I'm glad to see you're finally coming around. When you get out of "must shoot instinctively " mindset, progress can start taking hold.


----------



## Arron (Nov 18, 2012)

The best thing for me was going to a crawl and then gaping off of it. I have my point on for a given yardage and from there it can be just above or just below with my arrow still on target. I have way to much troubles aiming with my arrow in the dirt.


----------



## jkm97 (Jul 8, 2004)

It's an excellent method. Check out some Jimmy Blackmon videos on YouTube...there is one where he explains the crawl. I used one for awhile and had good success with it.


----------



## Tracker12 (Sep 22, 2003)

I watched Jimmy's video. First place I went. Very basic but informative like most of his presentations. 

Centershot
Thanks for the offer but a local friend has offered up a copy.


----------



## marc weier (May 26, 2009)

I really like it for hunting whitetails from a treestand. Problem is when hunting out west or in the sika marsh longer shots are possible so then I like my point on being a little further out.


----------



## centershot (Sep 13, 2002)

Tracker12 said:


> I watched Jimmy's video. First place I went. Very basic but informative like most of his presentations.
> 
> Centershot
> Thanks for the offer but a local friend has offered up a copy.


Very good - if your looking to string walk, this video is an excellent resource. If anyone else would like it, just let me know.


----------



## Todd the archer (Feb 7, 2003)

Marc, what is your point on?

Been trying the fixed crawl for a little while but I have trouble anchoring high enough. Even with 1 1/4" crawl and 30" arrows my gap at 20 yards is around 9" to 12".


----------



## MGF (Oct 27, 2012)

I've been using a fixed crawl for about the past year. It worked great until I got some carbon arrows which are quite a bit lighter than the aluminums I was shooting. My crawl just got too big for those arrows to tune.

That pushed me to get one more piece of the puzzle down...I finally got comfortable with a much higher anchor. Now I can grab the string right below the lower nock point (which is still a little bit of a crawl I guess) and I'm point on at just over 20 yards.


----------



## Tracker12 (Sep 22, 2003)

Well I did a little more shooting this evening and it continues to make me think it will have potential in the whitetail woods. I shot one arrow for about 30 minutes then decide to shoot a 3 arrow group. Results were pretty good. Two of the three arrows have Magnus Stingers on the ends. I did try shooting point on a couple years ago and it didn't work out. But that was only after a sort time back with traditional gear and my form was less that perfect.


----------



## JParanee (Oct 13, 2009)

Really great stuff Tony 

I have heard nothing but enthusiasm for the fixed crawl


----------



## J. Wesbrock (Dec 17, 2003)

marc weier said:


> I really like it for hunting whitetails from a treestand. Problem is when hunting out west or in the sika marsh longer shots are possible so then I like my point on being a little further out.

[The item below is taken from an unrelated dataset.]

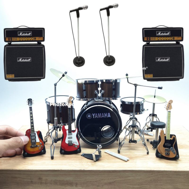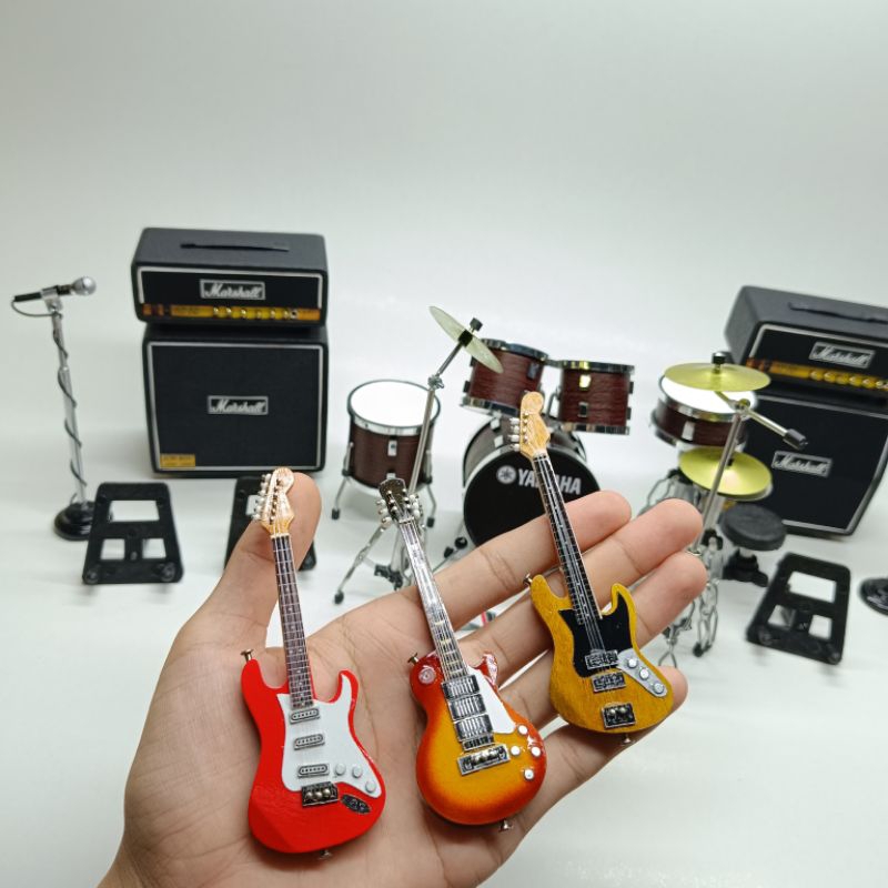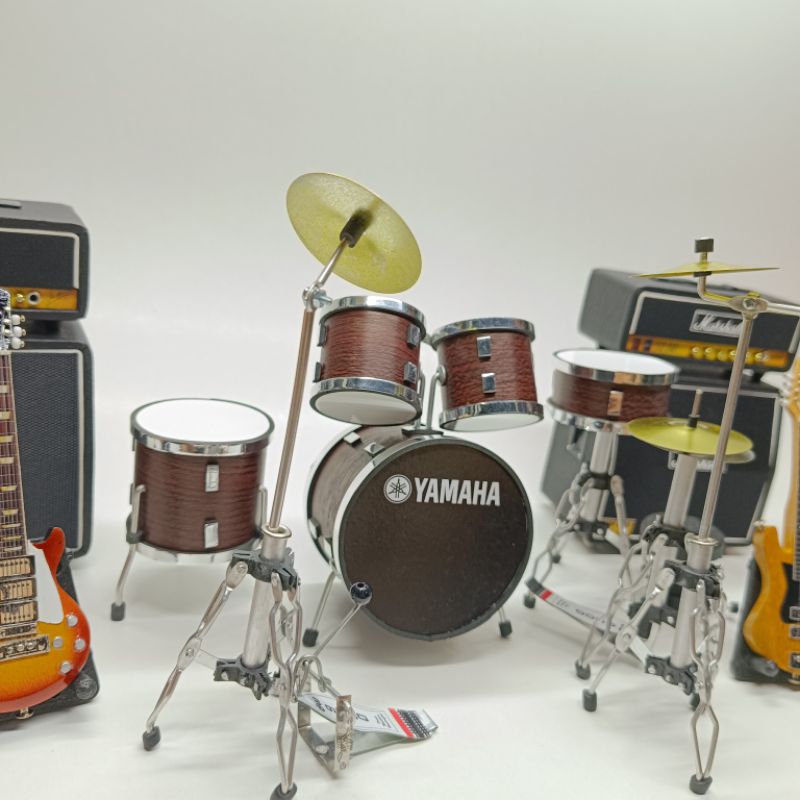 miniatur drum set YAMAHA plus gitar mini hiasan pajangan rak dinding gitar 1 : 12

Marc, I can't remember if you're shooting off an elevated rest. If so, there are all kinds of things to use for aiming past point-on. On my hunting setup, the middle of the plunger is 25, the wire on the rest Is 30 and the shelf is 40.


----------



## Tracker12 (Sep 22, 2003)

Joe
I was shooting this past weekend with Rich who took the Rod Jenkins course with us. We was crawling with his new WF19 which got me started down this path.


----------



## JParanee (Oct 13, 2009)

Tracker12 said:


> Joe
> I was shooting this past weekend with Rich who took the Rod Jenkins course with us. We was crawling with his new WF19 which got me started down this path.


He's a good dude as are you my friend


----------



## marc weier (May 26, 2009)

My point on with hunting arrows and wood bow is 42. With my Titan its 50. That is shooting 3 under and as high on my face as I can before my cheek bone bumps my hand out of alignment.

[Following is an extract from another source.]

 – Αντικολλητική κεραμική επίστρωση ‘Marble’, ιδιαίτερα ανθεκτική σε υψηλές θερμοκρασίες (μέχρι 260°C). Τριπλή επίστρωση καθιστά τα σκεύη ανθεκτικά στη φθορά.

Thanks for that Jason, I use those normally past point on so why I wouldn't do the same with a fixed crawl is beyond me. I will play with raising my nock point a hair and trying to find a 25 yard crawl this weekend.


----------



## Todd the archer (Feb 7, 2003)

Thank Marc, I changed my tab and the way I was anchoring and have been able to tighten my gap to 6" at 20 yards about what I was looking for. Not sure what my point on is yet as I have been preoccupied with starting to use a clicker. Watching you and Yohon at Baltimore inspired me to give it a try. Just got to get Joe on board now!


----------



## Matt_Potter (Apr 13, 2010)

J. Wesbrock said:


> Marc, I can't remember if you're shooting off an elevated rest. If so, there are all kinds of things to use for aiming past point-on. On my hunting setup, the middle of the plunger is 25, the wire on the rest Is 30 and the shelf is 40.


WAIT A MINUTE you aim? No wonder you beat me.


----------



## onlyaspike (Apr 16, 2007)

Tracker12 said:


> Well I did a little more shooting this evening and it continues to make me think it will have potential in the whitetail woods. I shot one arrow for about 30 minutes then decide to shoot a 3 arrow group. Results were pretty good. Two of the three arrows have Magnus Stingers on the ends. I did try shooting point on a couple years ago and it didn't work out. But that was only after a sort time back with traditional gear and my form was less that perfect.


Shooting looks GREAT !!!! IM gonna have to check out the "Crawl" method.....Ill check out the Jimmy Blackmon vids on Youtube.


----------



## rembrandt (Jan 17, 2004)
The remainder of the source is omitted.